# [Raw data]
==============================

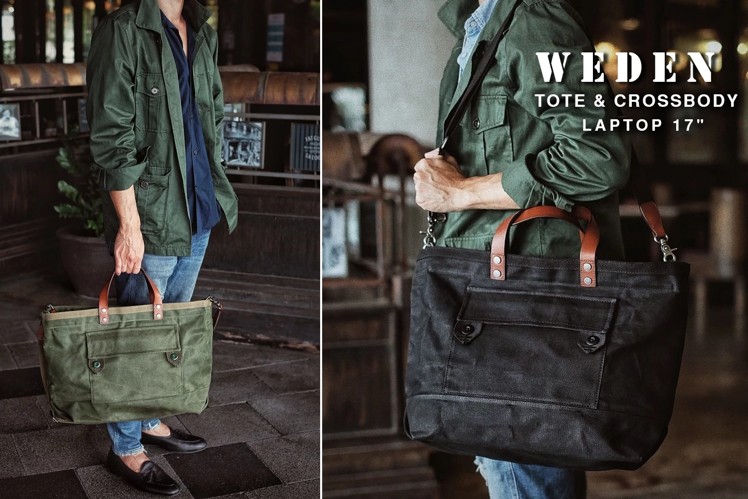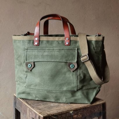 กระเป๋าผ้าWAXแคนวาสหนา18oz ขนาดกลางที่ใช้ทำงานได้ทุกวันใส่ LAPTOPได้ถึง 17" มีซิปปากกระเป๋าเก็บของได้มิดชิด
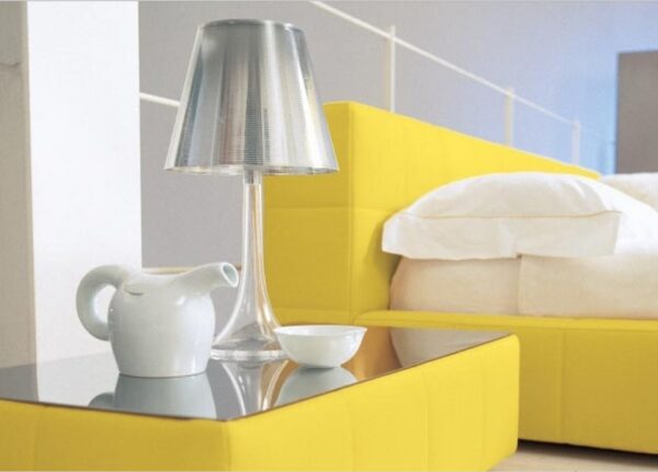 The Squaring bedside table by Giuseppe Vigano is inspired by the beds of the same name, it is fully upholstered and has a stylish quilted design. Made in Italy by modern furniture brand, Bonaldo.
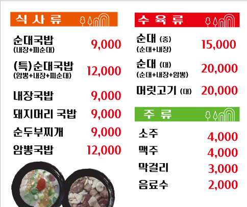 - 순대국밥 9,000원
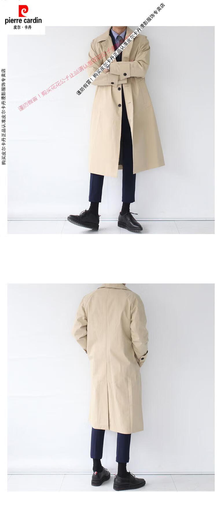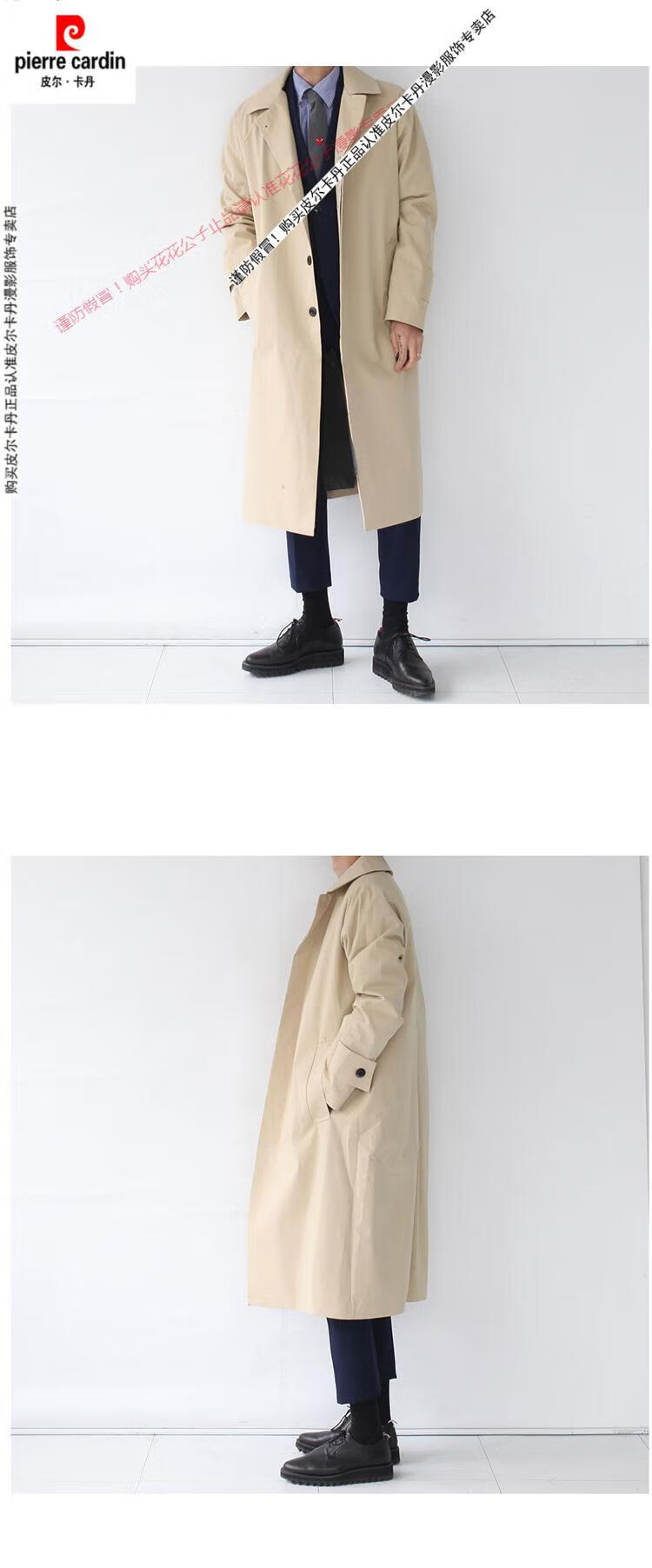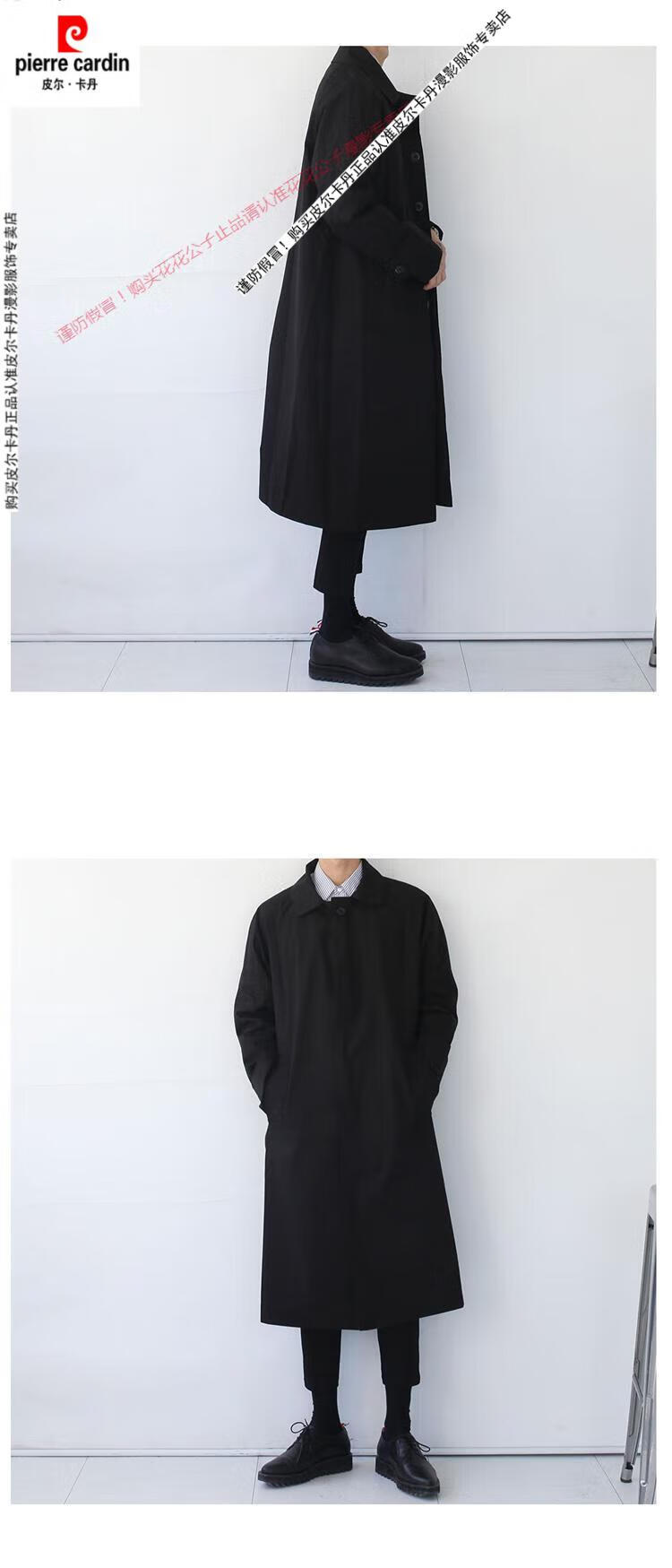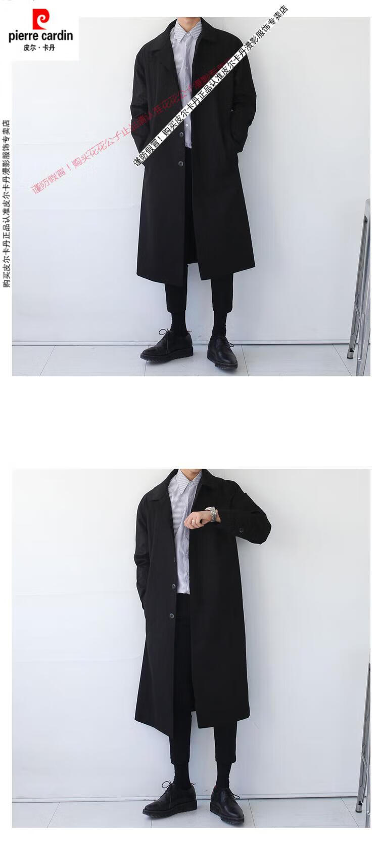 Pierre Cardin (Pierre Cardin) new super long windbreaker long knee-length Korean style thin coat men's loose trendy brand extended mid-length coat black XL 135--150Jin Jin equals 0.5 kg

==============================

# [Assigned task]
Drop the pictures and reproduce the rest of the data exactly.

# [Expected answer]
 กระเป๋าผ้าWAXแคนวาสหนา18oz ขนาดกลางที่ใช้ทำงานได้ทุกวันใส่ LAPTOPได้ถึง 17" มีซิปปากกระเป๋าเก็บของได้มิดชิด
 The Squaring bedside table by Giuseppe Vigano is inspired by the beds of the same name, it is fully upholstered and has a stylish quilted design. Made in Italy by modern furniture brand, Bonaldo.
 - 순대국밥 9,000원
 Pierre Cardin (Pierre Cardin) new super long windbreaker long knee-length Korean style thin coat men's loose trendy brand extended mid-length coat black XL 135--150Jin Jin equals 0.5 kg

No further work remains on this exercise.